韓国のサムスン電子は、アメリカ市場において、折りたたみ式スマートフォン「Galaxy Z Fold 7」の一部モデルの販売価格を引き上げたということです。メモリ部品の価格高騰などが背景にあるとみられています。
「Galaxy Z Fold 7」は、最も安価なモデルでも2,000ドル(約31万円)に設定されており、市場で最も高額なスマートフォンの1つとされています。これまで、記憶容量が最大の1テラバイトのモデルは2,419ドル(約37万5000円)で販売されていました。
しかし、同社はこの1テラバイトモデルの価格を2,499ドル(約38万7000円)に引き上げたということです。端末の仕様に変更はなく、実質的に80ドル(約1万2000円)の値上げとなります。オンラインストアでは、今年3月の時点では元の価格で表示されていたことが確認されています。
また、512ギガバイトのモデルについても、発売時の2,119ドル(約32万8000円)から2,199ドル(約34万1000円)へと、同様に80ドル(約1万2000円)引き上げられたとみられています。現在は割引価格の2,079ドル(約32万2000円)で販売されているということです。

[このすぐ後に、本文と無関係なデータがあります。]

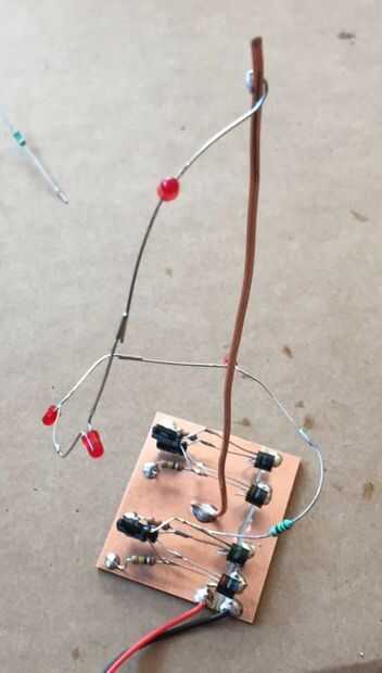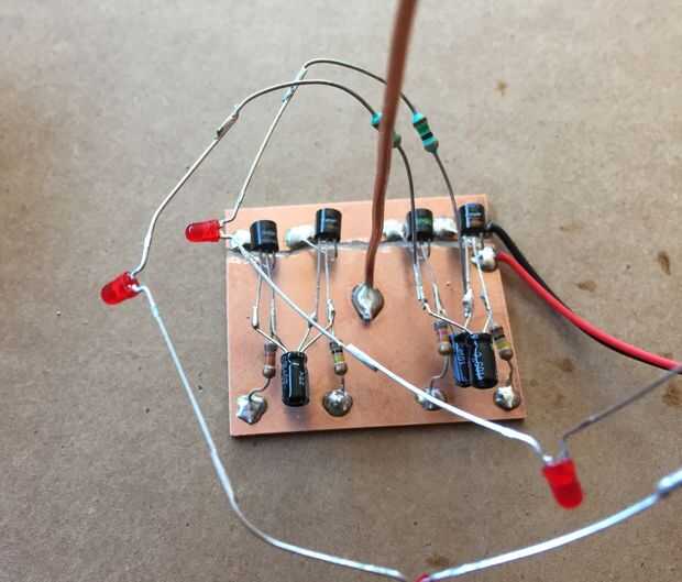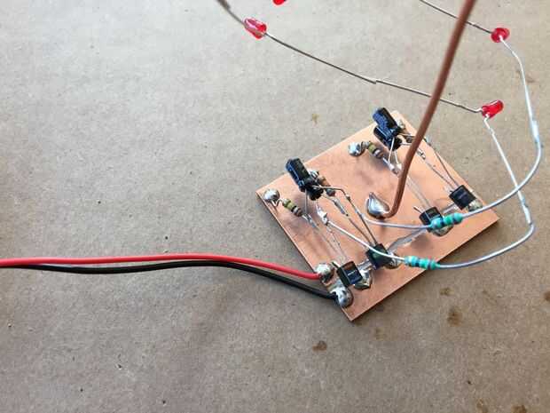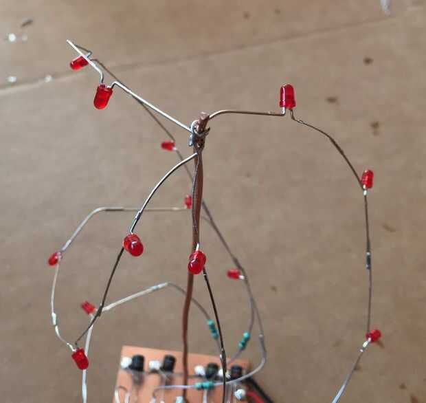Una vez que cuatro cadenas de cuatro LEDs, puede soldar a los transistores. Utilice el extremo de la resistencia de cada cadena de LEDs. Comience con uno de los internos para que sea más fácil más adelante - estos se sueldan a los colectores de los transistores - generalmente en el lado opuesto a los emisores, y los que tienen solamente un capacitor soldado a ellos. Los LEDs de la curva en forma de espiral hasta el árbol y hacer un pequeño bucle con nariz de alicates en la parte superior para sujetarlo a la parte superior del árbol. Luego de la soldadura de la siguiente cadena de LED, flexión alrededor de uno. Terminan en forma de hélice alrededor de la otra. Esta es un área donde puede ser mucho más creativos. Sólo asegúrese de que ninguno de los alambres toquen. Como se señaló antes, si el LED no tiene cables largos, siempre puede acortar el árbol.

こうした既存製品の値上げは他社でも起きています。アメリカのモトローラも最近、低価格帯のスマートフォン「Moto G」シリーズの価格を最大100ドル(約1万5500円)引き上げたということです。
今回の値上げの背景には、半導体市場における部品価格の高騰があります。AI(人工知能)のデータセンター向けに需要が急増している広帯域メモリ(HBM)や、DDR5メモリなどの供給不足が影響しているとしています。
専門家は、部品の生産体制が回復するか、AI向けの需要が落ち着くまでの間、すでに発売されている他の端末でも同様の価格引き上げが相次ぐ可能性があると指摘しています。